Produce an exact transcription of the listing below, omitting the pictures.

Supplied data
■ ■ ■

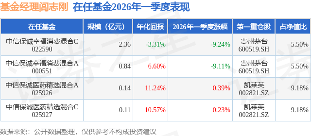证券之星消息,日前中信保诚幸福消费混合C基金公布一季报,2026年一季度最新规模2.36亿元,季度净值涨幅为-9.24%。
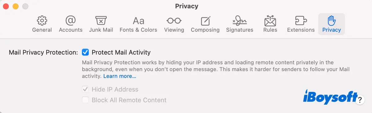 Certains expéditeurs suivent le téléchargement du contenu à partir de leur serveur, ce qui leur permet de connaître votre adresse IP, votre emplacement et si vous avez ouvert cet e-mail. Ce comportement va à l'encontre de la règle de confidentialité de l'application Mail, qui masque votre adresse IP et vos activités en ligne pour éviter d'être suivies par des tiers, c'est pourquoi vous voyez l'avertissement selon lequel les préférences réseau empêchent le contenu de se charger.
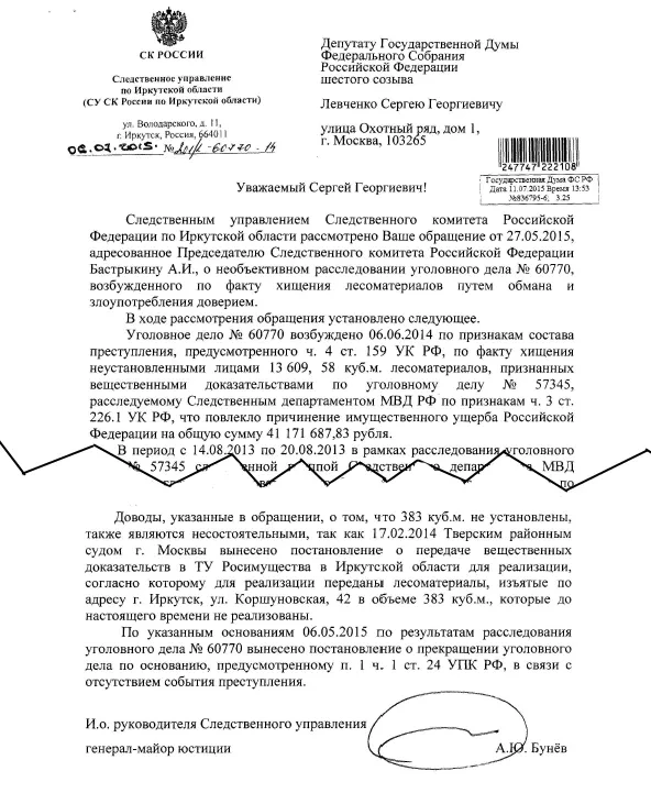 Через две недели Левченко получил ответ, подписанный руководителем иркутского управления СКР генералом Андреем Буневым. В ответе генерал старательно переписал постановление о прекращении уголовного дела № 60770, так и не опровергнув доводы, приведенные в запросе депутата Госдумы.

■ ■ ■

Result below
证券之星消息,日前中信保诚幸福消费混合C基金公布一季报,2026年一季度最新规模2.36亿元,季度净值涨幅为-9.24%。
 Certains expéditeurs suivent le téléchargement du contenu à partir de leur serveur, ce qui leur permet de connaître votre adresse IP, votre emplacement et si vous avez ouvert cet e-mail. Ce comportement va à l'encontre de la règle de confidentialité de l'application Mail, qui masque votre adresse IP et vos activités en ligne pour éviter d'être suivies par des tiers, c'est pourquoi vous voyez l'avertissement selon lequel les préférences réseau empêchent le contenu de se charger.
 Через две недели Левченко получил ответ, подписанный руководителем иркутского управления СКР генералом Андреем Буневым. В ответе генерал старательно переписал постановление о прекращении уголовного дела № 60770, так и не опровергнув доводы, приведенные в запросе депутата Госдумы.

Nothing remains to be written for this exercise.